Lemmy.world had to shut down the front page and put up a message about the load and a graph. They seem to chalk it down to the nature of social media sites to attract attacks.

I’d hack up the Rust code to have self-awareness of concurrency with PostgreSQL and return a new busy error.

Federation connections, RSS feed, API - and any other method that is hitting the database needs to have a concurrency count in the Rust code and an error message system for busy.

I’d probably build a a class to help with this and once concurrency for an API is over 5 mark the high water with a timestamp and start doing logic based on elapsed time.
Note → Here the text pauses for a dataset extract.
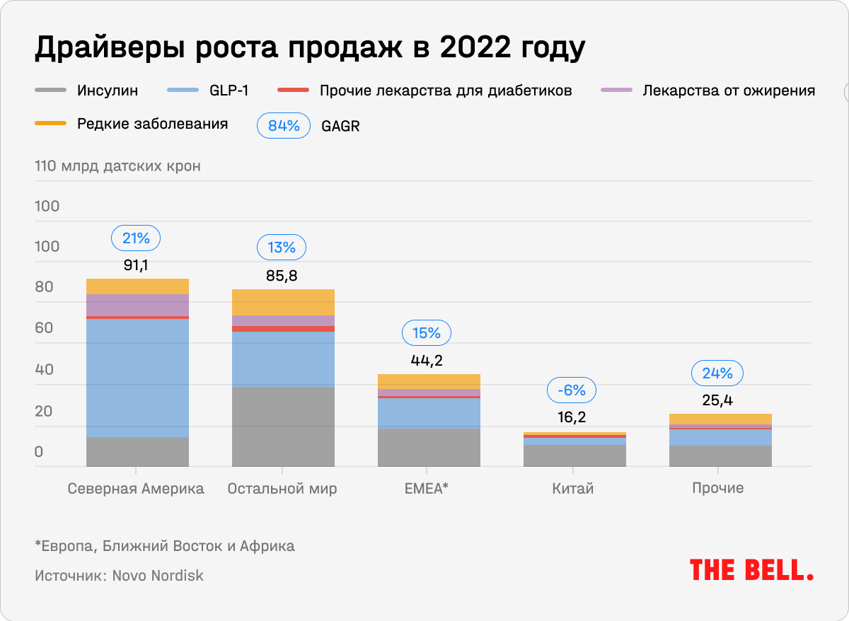 Сейчас ее препарат от ожирения Saxenda продается в 71 стране, а Wegovy получил одобрение в США (где он стал первым за семь лет подобным препаратом, одобренным FDA), Дании и Норвегии. Но большая часть продаж обоих лекарств приходится на Северную Америку. Это можно объяснить эффектом соцсетей и высокой распространенностью ожирения — в США им страдает более 40% населения.

If > 5 and elapsed time exceeds a threshold (say 1 minute), then return the busy error.

is Prometheus the right way to expose these numbers for operators wanting to know about the thresholds.? I’d probably add a dedicated log file to track concurrency thresholds and busy errors.

the front-end apps also need to be caching “Trending communities”, I think lemmy-ui is still pulling that live from PostgreSQL for every refresh of the page. I need to check if anyone has added that.

  • RoundSparrowOP
    link
    fedilink
    arrow-up
    1
    ·
    1 year ago

    Sometimes you wish you could have the API log everything and be able to play back API activity on the test data. Maybe I’ll play around with such a feature.

    ‘Lemmy.world has been down between 02:00 UTC and 05:45 UTC. This was caused by the database spiking to 100% cpu (all 32 cores/64 threads!) due to inefficient queries been fired to the db very often.’